Lastly, due to the increased likelihood of allele sharing among individuals with similar ancestry8, different ancestral groups were also examined in this study for the prevalence of the private LGD variants. Not surprisingly, children of European ancestry had less private variation per genome, given the high proportion of Europeans in the discovery cohort (~86%). Research of this kind also highlights the need to expand diversity in the study populations, as rare variants are harder to detect in understudied groups of people of African, East, and South Asian descent.
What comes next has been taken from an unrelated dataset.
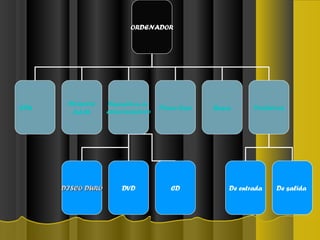 El documento describe los principales componentes de un ordenador, incluyendo la CPU, memoria RAM, dispositivos de almacenamiento como el disco duro, DVD y CD, la placa base, buses y periféricos de entrada y salida. También explica conceptos como la fragmentación del disco duro, sistemas operativos, línea de comandos, copias de seguridad y restauración del sistema.

This paper talks about unique genetic variants that have yet not been studied in the context of autism and revealed new candidate genes. The results are in line with previous studies that examined inherited variations, but limited their analysis to the exome data. Moreover, as the cohort composition changes, so do the type and degree to which each variant class contributes to ASD risk. For accurate family planning and genetic counselling, it will be essential to understand the diversity of genetic etiologies and phenotypic outcomes associated with autism. To improve the sequencing efforts at a large scale, it will be necessary to recruit more multiplex families. Furthermore, the results challenge the assumption that rare variants and de novo variants impact gene expression in similar ways. While de novo and private variant classes appear to converge on related functional pathways, this data suggests that they modulate distinct gene sets in autism pathogenesis. Finally, the authors in this study brought a paradigm shift to the understanding of autism and opened new research paths for other complex disorders.

References

1.         De Rubeis, S. & Buxbaum, J. D. Genetics and genomics of autism spectrum disorder: embracing complexity. Hum. Mol. Genet. 24, R24–R31 (2015).

2.         Rylaarsdam, L. & Guemez-Gamboa, A. Genetic Causes and Modifiers of Autism Spectrum Disorder. Front. Cell. Neurosci. 13, 385 (2019).
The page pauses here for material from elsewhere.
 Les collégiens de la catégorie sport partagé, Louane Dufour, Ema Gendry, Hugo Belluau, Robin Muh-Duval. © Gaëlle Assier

3.         Turner, T. N. et al. Genomic Patterns of De Novo Mutation in Simplex Autism. Cell 171, 710-722.e12 (2017).

4.         Wilfert, A. B. et al. Recent ultra-rare inherited variants implicate new autism candidate risk genes. Nat. Genet. 53, 1125–1134 (2021).

5.         Iossifov, I. et al. Low load for disruptive mutations in autism genes and their biased transmission. Proc. Natl. Acad. Sci. U. S. A. 112, E5600-5607 (2015).

6.         Krumm, N. et al. Excess of rare, inherited truncating mutations in autism. Nat. Genet. 47, 582–588 (2015).

7.         Pinto, D. et al. Convergence of Genes and Cellular Pathways Dysregulated in Autism Spectrum Disorders. Am. J. Hum. Genet. 94, 677–694 (2014).

8.         Gravel, S. et al. Demographic history and rare allele sharing among human populations. Proc. Natl. Acad. Sci. 108, 11983–11988 (2011).